── Data
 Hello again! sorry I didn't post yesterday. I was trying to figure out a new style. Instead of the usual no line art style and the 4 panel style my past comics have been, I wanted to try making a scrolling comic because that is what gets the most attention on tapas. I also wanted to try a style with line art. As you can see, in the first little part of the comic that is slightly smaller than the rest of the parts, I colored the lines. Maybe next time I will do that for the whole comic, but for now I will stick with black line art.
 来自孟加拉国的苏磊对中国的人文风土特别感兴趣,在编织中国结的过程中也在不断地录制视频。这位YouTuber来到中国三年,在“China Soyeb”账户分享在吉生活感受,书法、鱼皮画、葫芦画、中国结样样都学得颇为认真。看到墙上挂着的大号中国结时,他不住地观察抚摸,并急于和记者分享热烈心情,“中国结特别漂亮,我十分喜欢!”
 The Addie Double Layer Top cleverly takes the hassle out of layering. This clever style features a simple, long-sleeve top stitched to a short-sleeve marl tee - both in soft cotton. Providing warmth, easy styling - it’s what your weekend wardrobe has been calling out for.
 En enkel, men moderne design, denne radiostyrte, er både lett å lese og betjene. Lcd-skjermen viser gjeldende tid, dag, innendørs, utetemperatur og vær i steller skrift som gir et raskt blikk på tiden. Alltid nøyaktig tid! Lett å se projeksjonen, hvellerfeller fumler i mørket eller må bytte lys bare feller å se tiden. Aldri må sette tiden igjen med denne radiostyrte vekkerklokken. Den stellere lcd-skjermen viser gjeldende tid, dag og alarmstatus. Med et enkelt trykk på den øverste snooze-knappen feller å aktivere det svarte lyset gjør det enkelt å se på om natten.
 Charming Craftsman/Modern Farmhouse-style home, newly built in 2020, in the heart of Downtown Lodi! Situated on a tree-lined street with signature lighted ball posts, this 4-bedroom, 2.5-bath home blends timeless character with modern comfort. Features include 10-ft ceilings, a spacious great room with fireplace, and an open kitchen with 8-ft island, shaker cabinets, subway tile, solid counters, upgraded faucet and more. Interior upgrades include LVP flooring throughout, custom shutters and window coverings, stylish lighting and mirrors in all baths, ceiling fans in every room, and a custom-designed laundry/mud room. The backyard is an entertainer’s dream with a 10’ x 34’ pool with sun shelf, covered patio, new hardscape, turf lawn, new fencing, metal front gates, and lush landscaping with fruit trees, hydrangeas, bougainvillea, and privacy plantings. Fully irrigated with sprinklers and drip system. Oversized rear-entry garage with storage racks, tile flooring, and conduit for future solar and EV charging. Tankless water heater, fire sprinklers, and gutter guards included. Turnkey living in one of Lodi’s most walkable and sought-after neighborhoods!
────
Your goal:
Please give back exactly the lines of the listing above that run from the one containing "来自孟加拉国的苏磊对中国的人" through the one containing "The Addie Double", and only those.

Completed exercise:
 来自孟加拉国的苏磊对中国的人文风土特别感兴趣,在编织中国结的过程中也在不断地录制视频。这位YouTuber来到中国三年,在“China Soyeb”账户分享在吉生活感受,书法、鱼皮画、葫芦画、中国结样样都学得颇为认真。看到墙上挂着的大号中国结时,他不住地观察抚摸,并急于和记者分享热烈心情,“中国结特别漂亮,我十分喜欢!”
 The Addie Double Layer Top cleverly takes the hassle out of layering. This clever style features a simple, long-sleeve top stitched to a short-sleeve marl tee - both in soft cotton. Providing warmth, easy styling - it’s what your weekend wardrobe has been calling out for.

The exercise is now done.